We all missing you badly! Atleast say hello from your side, When you feel free.
Its my suggestion you can continue this story more. As the Dr. Mitharai can make a emotional connection with Desai inspite of her child why not the meera re-established her relationship with Desai after given birth of her first baby.?
So I think you should continue this story in this line of script.
Its my personal opinion: in English erotic literature the readers of this literature emotional attached this story in so deep, I never experience or not observe their such emotional attachment to any other story so far.!
Because of these reasons:
1: whenever you promise with update of this story you always keep this promise with the readers you never disappoint them in this regard.
2: you never expose sex scenes in haphazard manners rather you depict these scenes in very romantic way.
3: you always create a sense of the suspense among the readers of this story from the very beginning of this story and keen alive this sense of suspense among the readers of this story at the end of this story. To far-fetched this suspense is most difficult Job which you beautifully and successfully done. So this is appreciatable work from your side.

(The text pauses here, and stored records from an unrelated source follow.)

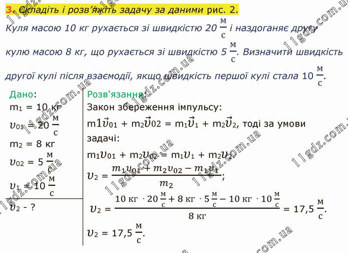Складіть і розв’яжіть задачу за даними рис. 2. Куля масою 10 кг рухається зі швидкістю 20 м/с і наздоганяє другу кулю масою 8 кг, що рухається зі швидкістю 5 м/с. Визначити швидкість другої кулі після взаємодії, якщо швидкість першої кулі стала 10 м/с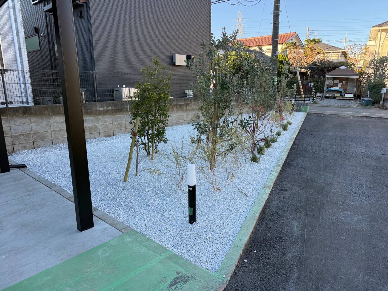 植木20本以上の新植と防草シート・白砕石砂利敷きを同時に行い、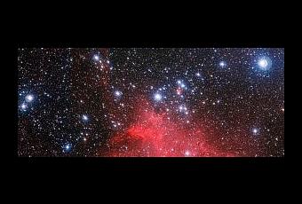 La mayor parte de las estrellas no se forman solas, sino rodeadas de “hermanos y hermanas” que se crean más o menos al mismo tiempo a partir de una única nube de gas y polvo. NGC 3572, en la constelación austral de Carina, es uno de esos cúmulos. Contiene muchas jóvenes estrellas calientes de color blanco-azuladas que brillan intensamente y generan potentes vientos estelares que tienden a dispersar gradualmente los restos de gas y polvo de sus alrededores. Las resplandecientes nubes de gas y los cúmulos estelares que les hacen compañía son los protagonistas de una nueva imagen obtenida por el instrumento Wide Field Imager, instalado en el telescopio MPG/ESO de 2,2 metros en el Observatorio La Silla de ESO, en Chile.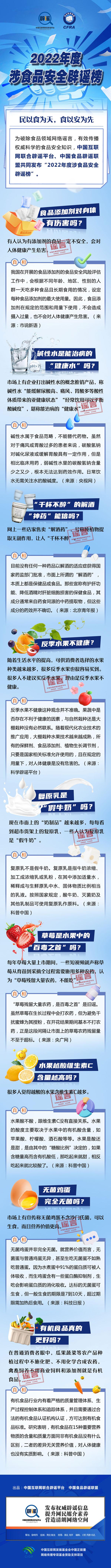 民以食為天,食以安為先。食品安全關(guān)系到人民群眾的身體健康和生命安全,受到全社會高度關(guān)注。為破除食品領(lǐng)域網(wǎng)絡(luò)謠言,有效傳播權(quán)威科學(xué)的食品安全知識,中國互聯(lián)網(wǎng)聯(lián)合辟謠平臺、中國食品辟謠聯(lián)盟共同發(fā)布“2022年度涉食品安全辟謠榜”,讓我們一起對食品安全謠言說不!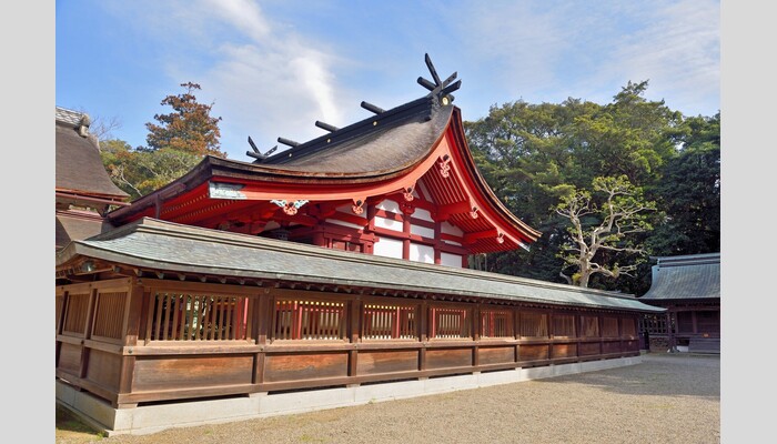 宗像大社辺津宮は、「神宿る島」沖ノ島(沖津宮)・中津宮とともに宗像三女神を祀る中心的な社です。古代、宗像の地は朝鮮半島や大陸への海上交通の要衝であり、宗像三女神は航海安全の守護神として国家的な祭祀を受けました。辺津宮は、三女神のうち市杵島姫神を祀る本土の社であり、古代日本の外交・交易活動の成功を祈願する拠点として重要な役割を担っていました。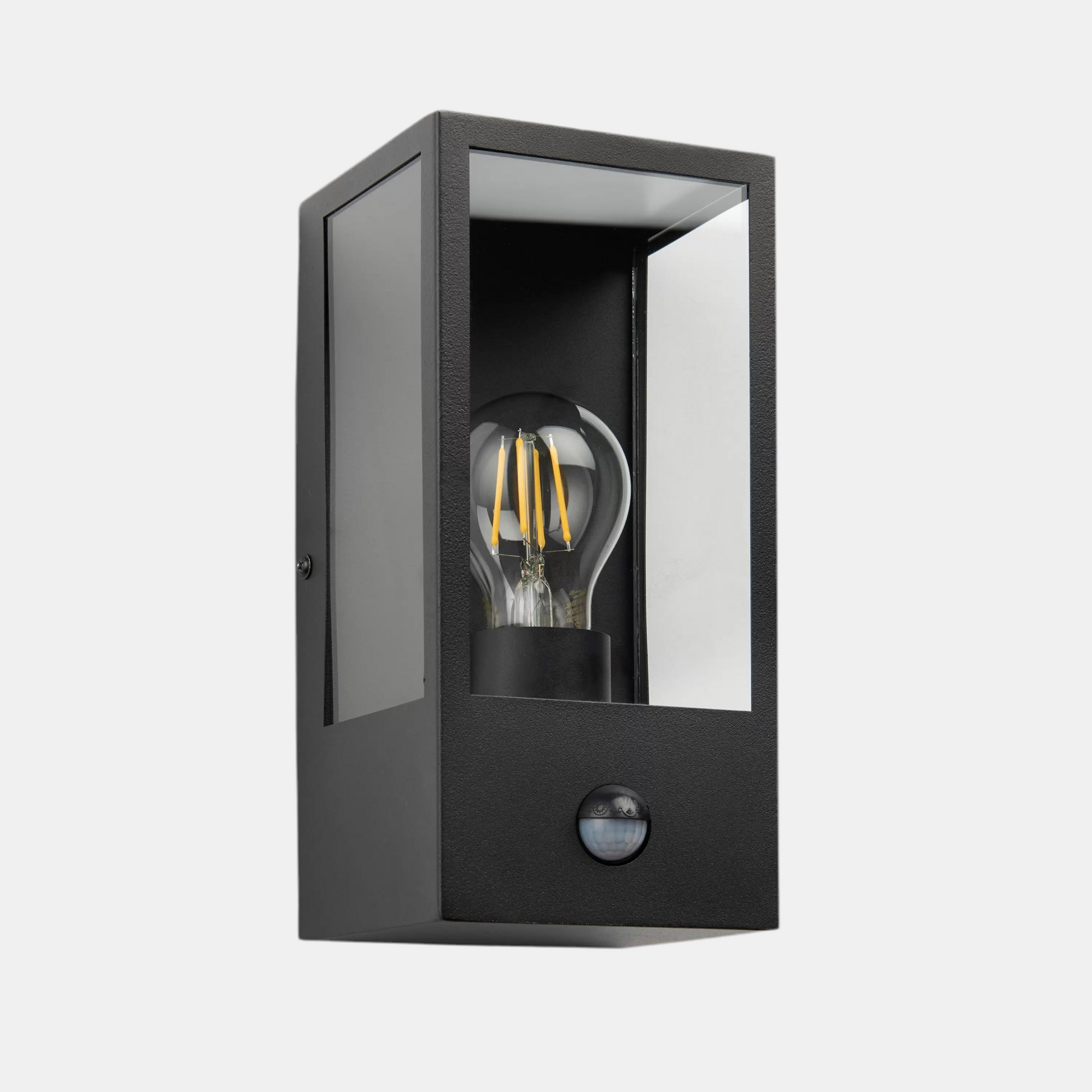 A timeless and classic style outdoor wall light, fashioned as a box lantern with sleek matt black painted stainless steel edges and bevelled edge glass panels. 10-2000 lux and 110º detection, this is IP44 rated for safe exterior use and perfectly pairs with E27 filament lamps. Built-in manual override for the functional motion sensor, with an adjustable 5 sec - 5 min timer function.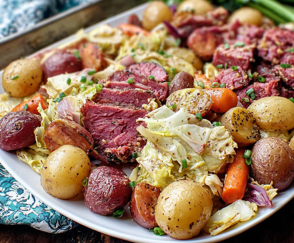 This one-pan meal brings together tender corned beef, vibrant cabbage, and hearty potatoes. It’s all cooked together for a tasty feast that’s super easy to clean up!

4: another most difficult job you done from the beginning and till the end of this story, you have written this story from the one person I.e from the husband' s point of view, I never find any writer in cuckold literature maintain this side of view continually but you done this magic dexterily even your story like "no one dies as saint", the readers of this story feel very difficulties while you wrote this story bicamerially so personally I found difficulty while to focus on this story. Another suggestion whether you continue this story or write new or continue any other old story you can also conduct a pool in this regard so you can find out the true interest of your readers Krish sir!!!